Guy Forster, vice president of the Association of Personal Injury Lawyers, said: "Some of these claims involve children who have suffered catastrophic injuries at birth and will require care for the rest of their lives."

System under strain

Critics argue that the soaring payouts reflect a system under intense strain, with staff shortages and underinvestment contributing to avoidable harm. Investigations have been conducted into deaths caused by poor care at maternity units in Morecambe Bay, Shrewsbury and Telford, and East Kent, resulting in 748 recommendations for improvement. The largest maternity inquiry in NHS history, examining around 2,500 cases in Nottingham, is due to report in June, while another inquiry was recently announced into care at Leeds Teaching Hospitals NHS Trust.

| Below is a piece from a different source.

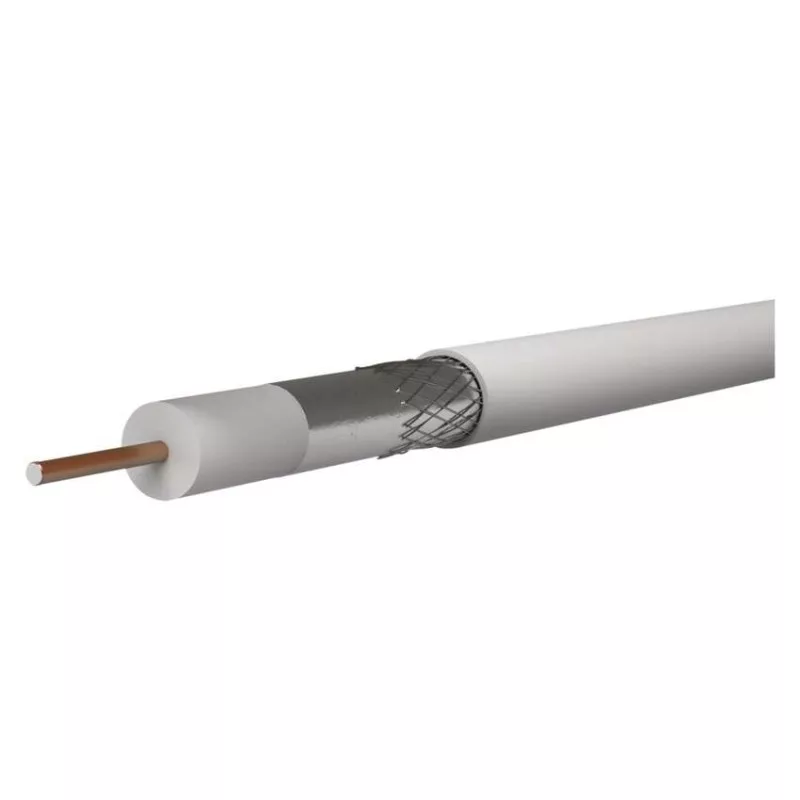 RG6 típusú univerzális koaxiális kábel vörösréz borítású acélszálból készült központi vezetővel, alumíniumvezetékből készült dupla árnyékolással, fehér színű. Ezt a kábelt TV- és SAT-jelek nem nagy igénybevételt jelentő átviteléhez

Initial findings from Baroness Valerie Amos's national inquiry revealed that many families felt there had been a "cover up" and defensiveness from NHS trusts after something went wrong, with suspicions that medical notes had been amended or redacted. Some mothers believed the system incentivized recording deaths as stillbirths to prevent coroner investigations. The inquiry pointed to a lack of NHS capacity and maternity workforce shortages that have built up over the last decade.

Midwives and delays

Midwives warned that vital antenatal appointments were too brief, mothers faced waits for medical assessments, and when babies were born, some inductions and caesarean section procedures were delayed. Forster added: "Every penny spent is caused by negligence that should have been avoided. Families are forced to turn to lawyers to get answers because the NHS is not always transparent about what went wrong, despite a duty to be candid. Failure to be open delays justice, increases legal costs, and prevents vital lessons from being learned."

Safety concerns

In October 2024, the Care Quality Commission warned that almost two-thirds of maternity units in England were unsafe, with standards deteriorating rather than improving. An NHS England spokesperson said: "The NHS has taken significant steps to strengthen maternity and neonatal safety, including introducing an early warning system to identify serious issues and implementing a national maternity care bundle to improve standards."